Right now, we're not interested in the content of experience -- outer experience or inner. We're only interested in impermanence, in the texture of change, the shifting patterns of arising, passing, moving, fluctuating. If you find yourself drawn into the content, it's okay, but just see the impermanence of the thoughts or whatever it is. Just see the impermanence. See it that way. We're only interested in the change of things in the space of awareness. So the attention can be light, open, relaxed, but very alive.

[18:56] If it feels like an area of the body or an area of experience is a problem, feels difficult or contracted, really opening out the awareness very wide, letting it be very expansive, and seeing the shifting patterns, the texture of change in everything in that area of difficulty as part of a larger space, a vaster space. Moment to moment, everything is changing, everything is flickering.

Seeing if it's possible to include everything, everything that's in the experience. So-called outer, so-called inner -- everything. Everything is changing in the space. Thoughts, images -- include them. They, too, are changing. Whatever is waving through, rippling through, appearing, disappearing, pulsing. We're only interested in the impermanence, the fact of change. Just keep tuning into that.

So in a way, the space, the space of awareness, stays steady, stays still and open. And within that, everything comes and goes, changes, appears and disappears. Even as it's there, it's changing. Tuning into the shifting textures within the space. If there's something that feels like it's not changing, just stay there patiently, lightly, delicately, openly, and see the shifting. Open to the changing.

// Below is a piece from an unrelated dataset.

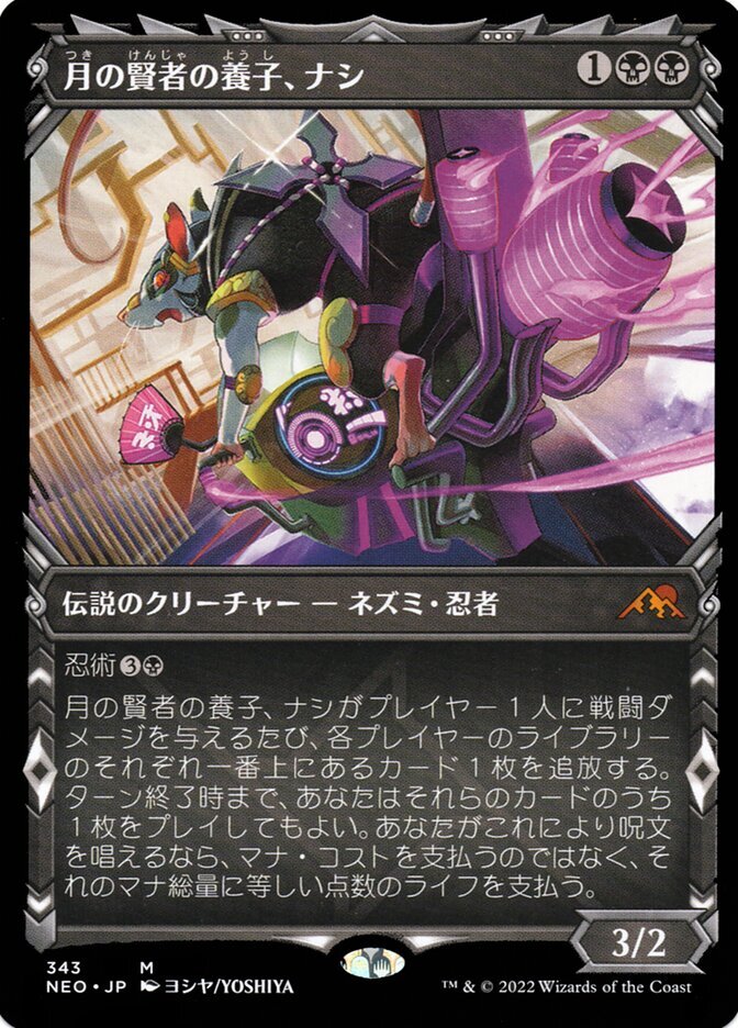 | Rules | Ninjutsu (, Return an unblocked attacker you control to hand: Put this card onto the battlefield from your hand tapped and attacking.) Whenever Nashi, Moon Sage's Scion deals combat damage to a player, exile the top card of each player's library. Until end of turn, you may play one of those cards. If you cast a spell this way, pay life equal to its mana value rather than paying its mana cost. |

[30:57] Let the awareness be relaxed, open, light and delicate, present. Everything is flickering. Everything is sparkling. When we tune into impermanence in this way, it should bring a letting go, a letting be. We don't have to think about it. The mind doesn't have to think about it. Everything comes and everything goes, appears and disappears constantly. And naturally, organically, we let it come, we let it go, we let it change. Seeing if that quality of letting go, letting be, can also be nurtured through the seeing of impermanence, in a very expansive awareness.

[39:00, guided meditation ends]

Was that relatively clear? Get a sense of how to ...? Okay. So every day, we'll have a different angle on that, like I said. Now you have two practices, and you choose when you do one and when you do the other, except the 9:30 sitting and the 2:30 sitting when we're all doing what we're doing together. Apart from that, you choose. You go in and out. Probably for the most part, better to stick to one practice for a whole sitting, but, you know, that's not written in stone. If you feel like you're halfway through and it would really be better to change, explore that. But generally, see yourself as exploring two practices and giving this quality of playful experimentation, exploration, to both of them.